And suddenly, without warning, began the soft clicking of the box.
He heard before him and behind him the aspirate ejaculations of the Javanese not entirely suppressed, the movement of surprise about him, the shudder of superstitious fear.
Hereford had no superstitions. He tried—he swiftly tried at this sound to take hold of his nerves. Involuntarily he turned his hand to grasp his ward's to calm her, but met her grasp firm upon the same purpose. He smiled as there rioted through his mind strange, half-remembered stories of the East; of treasures guarded in temples by malignant squat deities; of significant jewels like the emerald, which ghostly agents brought back to the rightful possessor as often as they were taken away.
The clicking of the box went steadily on; and Hereford's mind, which tried to picture the agent by which the levers moved, saw nothing, but only thought them moving of themselves.

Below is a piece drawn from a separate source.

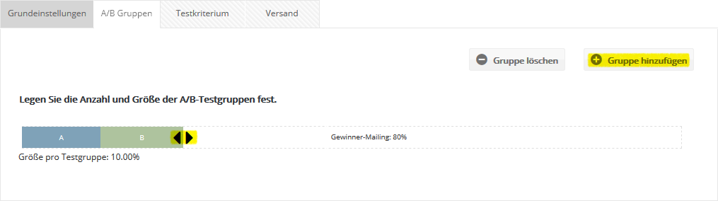 Stellen Sie per Schieberegler die Größe der gewünschten Testgruppen ein, d.h. wieviel Prozent Ihrer Abonnenten sollen am A/B-Test teilnehmen. Möchten Sie mehr als 2 Varianten Ihres Mailings vergleichen, fügen Sie über den Link 'Gruppe hinzufügen' weitere Testgruppen hinzu. Es lassen sich maximal 7 Testgruppen anlegen, etwa um auf der Suche nach dem besten Versandzeitpunkt die 7 Tage der Woche gegeneinander antreten tu lassen.

Mechanically, he noted now, he had counted the clicks. One, two, three, four—they were rapid and without hesitation. And he heard Baraka, just in front of him, counting, too, in Javanese with intense, irrepressible aspiration. At ten Baraka involuntarily started forward. Apparently checked by the officer next him, he settled back. At fifteen Hereford felt him, fumbling in his pocket, withdraw his hand; and as the last lever clicked he struck a match against the wall. The match-head broke in two—half shot like a tiny meteor through the dark; half sputtered in a weak blue flame that finally caught the wood and showed no one.

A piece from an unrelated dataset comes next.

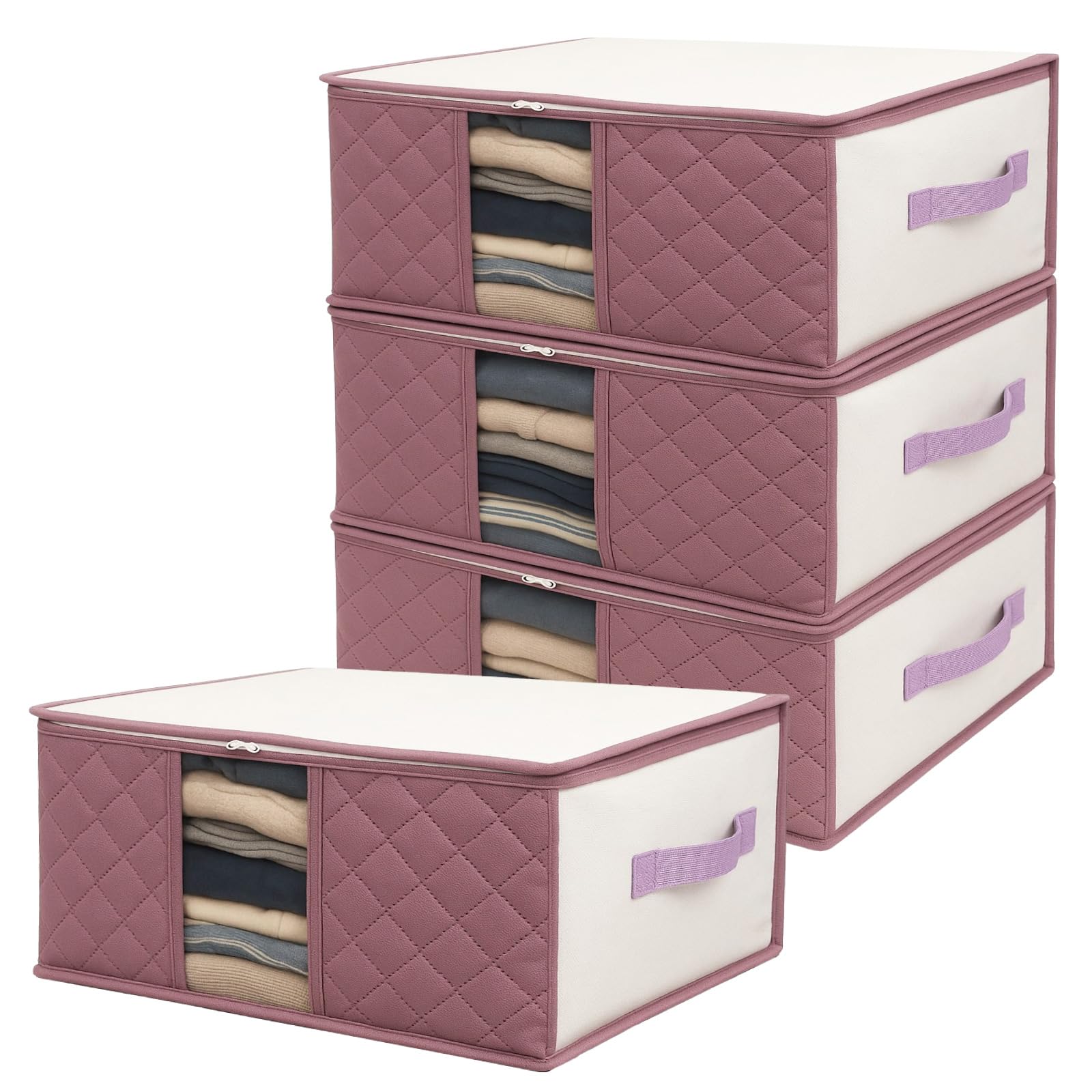 【数量限】衣類収納ケース 4枚組 通気性の良い 厚手不織布製 洋服 収納ボックス 衣装ケース 前面活性炭シート入り 収納袋 クローゼット 押し入れ 持ち手 クリア窓付き 使わない時は小さく畳める(中芯無し)

The captain tried to check him, but Max now made no objection—he himself was reaching for the light. He switched it on. As they blinked in the blaze of light they saw that the box stood open; the watch, which had been locked inside, was gone! No one could have come in; no one could have gone out. Yet some one had been there, for it was done! It undeniably had been done!
In the hubbub of incredulity, questions and confusion Hereford stared about the room. He laughed nervously and looked to Lorine. She directed his eyes to the police captain. That officer, bewilderment but also determination in his manner, had changed his place to bring him nearer to Max Schimmel. He glanced now significantly toward his men, who, Hereford saw, returned his look with nods of understanding.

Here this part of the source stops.